The Idso’s web site has an interesting review of what appears to be a related paper Williams, P.D. 2005. Modelling climate change: the role of unresolved processes. Philosophical Transactions of the Royal Society A 363: 2931-2946. It appears to propose “stochastic techniques” as “an immediate, convenient and computationally cheap solution” to the problem that some potentially important climatological phenomena are simply too small to be adequately modeled at the present time. I guess this raises an issue that is perhaps contrary to my previous post #32 as to whether stochastic models can really serve as an adequate simplification of chaotic models that cannot be solved. There is also the issue that even if the underlying non-linear dynamic equations could be solved for known parameter values, there is uncertainty about some of the parameter values. What happens when you mix non-linear dynamics with stochastic parameter distributions? Can some of the physicists here enlighten us?

Re 32, thanks, Peter, an interesting post. You say:

There is an interesting paper on this question at the Climate Science web site. The basic message of the study is that the size of the albedo is very poorly represented in the climate models, with a mean! error on the order of 3-4 w/m2.

Since this error is about the size of the IPCC value for a doubling of CO2, you can see what this would do to a confidence interval for their results … like Steve has said, “floor to ceiling” …

w.

Willis: Knowing that the distribution would reach from “floor to ceiling” certainly would have dramatic implications for greenhouse policy. Such a situation would imply that any investments in controlling CO2 would be much more risky in terms of their payoffs. That in turn would imply that the expected return on those investments would have to be much higher (ie the mean “bad effects” from the increase would have to be greater) in order to justify the policy as a rational expenditure of resources. Perhaps even more significantly, an increase in the variance of the effects would greatly increase the value of any “options” (in the financial sense) associated with greenhouse policy. In particular, the benefits of waiting to get information that reduces the uncertainty in the forecasts before taking action increase substantially. That is, waiting for more satellite observations etc to settle the issue of how well the models really work becomes a much more attractive alternative.

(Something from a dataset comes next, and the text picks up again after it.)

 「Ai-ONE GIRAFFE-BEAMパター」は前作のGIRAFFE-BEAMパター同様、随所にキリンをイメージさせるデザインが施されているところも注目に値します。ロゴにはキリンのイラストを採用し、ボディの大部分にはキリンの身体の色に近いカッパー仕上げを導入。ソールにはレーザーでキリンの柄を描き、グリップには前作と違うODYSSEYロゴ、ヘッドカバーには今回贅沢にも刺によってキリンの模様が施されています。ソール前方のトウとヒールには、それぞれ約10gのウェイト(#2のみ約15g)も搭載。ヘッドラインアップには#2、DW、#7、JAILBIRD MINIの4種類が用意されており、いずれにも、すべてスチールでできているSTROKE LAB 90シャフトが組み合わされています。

Further to #36: Thinking about this some more, the options point implies that we are interested not just in the mean and variance of the distribution but also the “tails” — skewness, kurtosis etc. Indeed, one can think of the “precautionary principle” as an analogous options pricing issue. If there is a really bad outcome and an available option that you are sure would enable you to avoid that outcome, the value of the option would be increased by anything that raised the probability of the bad outcome. The conclusion si that to make sensible deductions about greenhouse policies one needs the models to deliver forecasts not just of means and variances but also higehr moments of the outcomes. The scenario story lines are a wholly inadequate basis for constructing rational policies.

#34

I don’t know about stochastic parameter distributions but I can say something about what happens when parameters change in a non-linear dynamical system. Most of the time the attractor changes shape but basically looks the same, it’s fatter, thinner, … But there are parameter values where the system will bifurcate and suddenly the attractor will be different. For example it might change from periodic to chaotic.

My favorite is hysteretic transitions. In this case as you increase a parameter P there will come a value Pb where the system switches from attractor A to attractor B. But on lowering the parameter the switch back to attractor A won’t occur until you reach Pa. This means that there is a region Pa Taylor-Couette flow is famous for doing this.

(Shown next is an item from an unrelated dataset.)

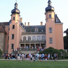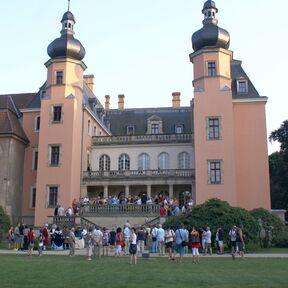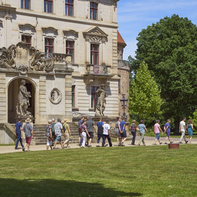 Interessierte Besucher haben ganzjährig die Möglichkeit, den Schlosspark zu besuchen. Saisonale Veranstaltungshöhepunkte, an denen auch die Besichtigung des Schlosses möglich ist, sind "Rendezvous im Garten" im Juni und die "Parksommerträume" Mitte Juli. Diese bieten klassische und moderne Unterhaltung, szenische Führungen, Ausstellungen und vieles mehr und inszenieren in der Samstagnacht Schloss und Park mit einem Lichterzauber. Zu beiden Terminen können sich Besucher bei Führungen durch Freiwillige der Internationalen Jugendbauhütte über den Sanierungsfortschritt im Park informieren, barocke Spiele im Französischen Garten sowie die musikalische Belebung des Barocken Heckentheaters erleben. Am Tag des offenen Denkmals im September werden zudem Fachführungen durch die restaurierten Schlossräume angeboten.

This throws an extra twist into nonlinear systems beyond the famous Lorenz “Butterfly effect.” Not only can’t you model the future very well because small errors get amplified exponentially, you also have to know how you got there because a different parameter path to the identical set of parameters could lead you to a completely different scenario.

End of the second paragraph #38 should read

This means that there is a region Pa less_than P less_than Pb where two distinct states are possible but the one you’re in depends on past history. This may sound like fiction but Taylor-Couette flow is famous for doing this.

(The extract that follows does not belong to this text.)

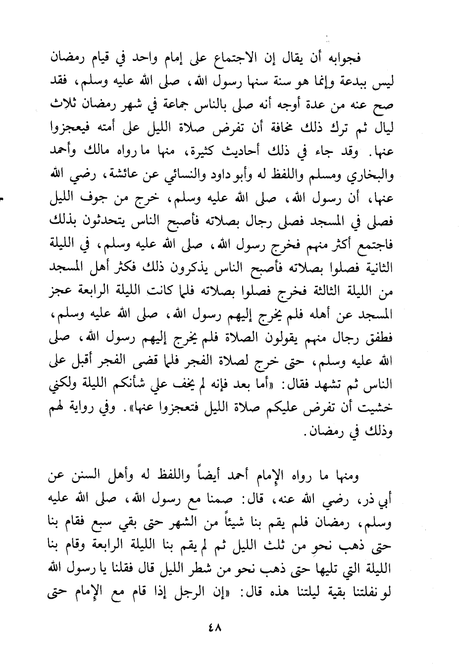 ومنها ما رواه الإمام أحمد أيضًا واللفظ له، وأهل السنن عن أبي ذر رضي الله عنه قال: صمنا مع رسول الله - صلى الله عليه وسلم - رمضان فلم يقم بنا شيئا من الشهر حتى بقي سبع، فقام بنا حتى ذهب نحو من ثلث الليل، ثم لم يقم بنا الليلة الرابعة، وقام بنا الليلة التي تليها حتى ذهب نحو من شطر الليل، قال: فقلنا يا رسول الله لو نفلتنا بقية ليلتنا هذه قال: «إن الرجل إذا قام مع الإمام حتى

#36: “an increase in the variance of the effects would greatly increase the value of any “options” (in the financial sense) associated with greenhouse policy.”

…particularly so since, as in the matter of tree-sourced methane, what was once thought to be a beneficial “option” may turn out to accomplish the opposite of what was intended at the first level. (Yes, planting trees has other benefits so no we don’t cut down all the forests… just saying that to avoid troll responses…)

The problem with computer models is far deeper than getting the equations right. Complex kinematic systems where the underlying equations-functions are known precisely cannot be accurately modeled. The output of the model diverges from reality as time proceeds in the model. In fact, when I visited NCAR in the late 90’s they had a display that illustrated the point. It was a swinging arm kinematic device that looked simple enough to any physics 101 student. But the problem was even though the kinematics was completely understood, the computer models all diverged from reality as time progressed in the model. Reason enough for extreme scepticism at any computer model that claims skill at predicting the future. That would be any future whether the economy, the stock market, climate, resources, population, etc.

James Annan has an extremely revealing observation in the context of this thread (see reply 6 at Pielke’s site)

I’m flabbergasted by this statement, though I probably shouldn’t be.

re: #42

In this case I agree with Annan, at least within the context where he was speaking. The definition of skill being used was that the model must do better than some other method of post-dicting the known climate. His point that you’re flabbergasted by was simply that using the actual instrumental data as the ‘method’ creates an impossible barrier. It’s impossible by definition for a model to do better at matching the actual climate than the measurements of climate themselves. Of course, as perhaps Steve will explain, this isn’t where MBH98 fails.

Re 42, 43: I don’t understand Annan’s point. He says that “skill’ consists doing better than some other prediction method. Post 43 agrees.

But Pielke is not proposing that the computer models should “do better at matching the actual climate than the measurements of climate themselves” as # 43 proposes. For example, Pielke says:

The idea that Pielke is asking that the computer models should do better than the observations is a straw man. Pielke is only (and reasonably, in my opinion) asking that the results be what I call “lifelike” — that the standard deviation, mean, first derivatives, etc. of the model results be similar (in some specified mathematical sense) to the observational data.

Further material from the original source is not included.